Re^2: Get random unique lines from file
by BrowserUk (Patriarch) on Aug 17, 2012 at 23:00 UTC

    The problem with this is that it only works with individual lines, but FASTA files contain multi-line records each consisting of a one header line and a variable number of payload lines.


    With the rise and rise of 'Social' network sites: 'Computers are making people easier to use everyday'
    Examine what is said, not who speaks -- Silence betokens consent -- Love the truth but pardon error.
    "Science is about questioning the status quo. Questioning authority".
    In the absence of evidence, opinion is indistinguishable from prejudice.

    The start of some sanity?

      BrowserUk:

      Ah, well, I know jack about FASTA files, so I didn't consider that. Of course, by changing the reader to accumulate records instead of lines, it could be adapted. Though since there are already a couple working examples from you and Marshall, and since mine has a bias in it, there's no real reason to do so.

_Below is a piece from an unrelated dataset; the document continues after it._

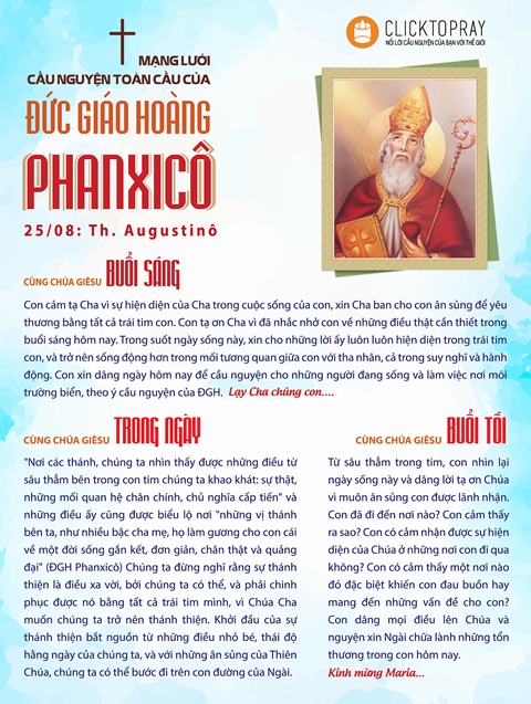 Con cảm tạ Cha vì sự hiện diện của Cha trong cuộc sống của con, xin Cha ban cho con ân sủng để yêu thương bằng tất cả trái tim con. Con tạ ơn Cha vì đã nhắc nhở con về những điều thật cần thiết trong buổi sáng hôm nay. Trong suốt ngày sống này, xin cho những lời ấy luôn luôn hiện diện trong trái tim con, và trở nên sống động hơn trong mối tương quan giữa con với tha nhân, cả trong suy nghĩ và hành động. Con xin dâng ngày hôm nay để cầu nguyện cho những người đang sống và làm việc nơi môi trường biển, theo ý cầu nguyện của ĐGH. Lạy Cha chúng con...
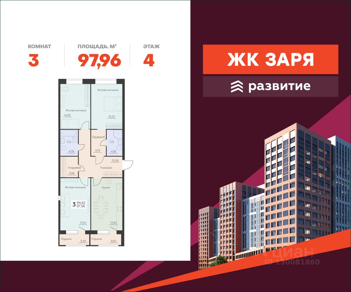 В продаже квартира площадью 97.96 кв. м с черновой отделкой. Квартира расположена на 4 этаже 10 этажного дома, в новом жилом комплексе "Заря" от федерального девелопера "Развитие".

      I know that *you* know how to do the changes, but if someone tripping across this node in the future wants to do it, you can do so something (untested!) like this:

      my @record; while (<$FH>) { if (/start of record marker/) { ++$cnt_recs; if ($num/$cnt_recs > rand) { my $i=@samples; if ($i > $num) { $i = rand @samples; } $samples[$i]=[$cnt_recs, [@record]]; } } else { # Accumulate record push @record, $_; } }

      ...roboticus

      When your only tool is a hammer, all problems look like your thumb.

        I don't think that this is the best way...
        BrowserUk and I both used the core module: List::Util::shuffle;

        He understood the FASTA format better than I did and that is fine given that the format of the OP's question was hard to "decode".

        The main point is that is that this core shuffle() function works very well, is very fast (a core function that is implemented in 'C') and who's interface is easy to understand. I recommend using it rather than trying to "roll your own".

        Oh, BTW, "Core Function" means that this is available on all Perl systems as part of the language - no "extra module installation" is required. .... Well I don't know exactly about "all", but I figure since Perl 5.6 (for more than decade).